第10話
***
「ママ、はっぱきれいね」
「そうだね。あれは何色かな?」
「あか!」
「正解。じゃあこっちは?」
「きいろ!」
「星来すごい! 全部正解だね」
頭をよしよしとすると、星来がニコリと微笑んだ。
残暑が遠のき、木々が赤や黄に染まり色鮮やかな世界が広がっている。空には青々と澄み渡った空が広がり、頬を冷たい風が通り過ぎていく。
日曜の早朝、まだ静まり返った公園に星来の声が響く。
日曜は仕事が休みだから、星来とゆっくり過ごすことができる。今日は散歩がてら、近所のパン屋さんに出かけた。

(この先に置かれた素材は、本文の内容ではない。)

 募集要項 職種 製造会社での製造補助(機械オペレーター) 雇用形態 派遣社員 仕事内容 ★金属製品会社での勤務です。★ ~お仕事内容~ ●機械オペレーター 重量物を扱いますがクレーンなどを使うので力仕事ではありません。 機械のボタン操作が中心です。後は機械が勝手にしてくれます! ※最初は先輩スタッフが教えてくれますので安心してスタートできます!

その帰りに公園のベンチに座り、紅葉を見ながら朝食用に買ったパンを食べている最中だ。
「くるくるパン、おいしいね」
「星来、口にケチャップがついてるよ。ほら、こっちむいて」
ウエットティッシュを鞄から取り出し、星来の口元を拭くと星来がじっとこちらを見た。
「ママもついてる」
「え?」
「きいろいたまご。せらふきふき、しゅるね」
「優しいね」
星来も私の真似をし、私の口元にウエットティッシュを押し付けて、優しくふき取ってくれている。
「はい、とれましたよ」
「ありがとう」
「どういたまして」
こんな風に息子と過ごす時間が、嬉しくてたまらない。心が安らぐ瞬間だ。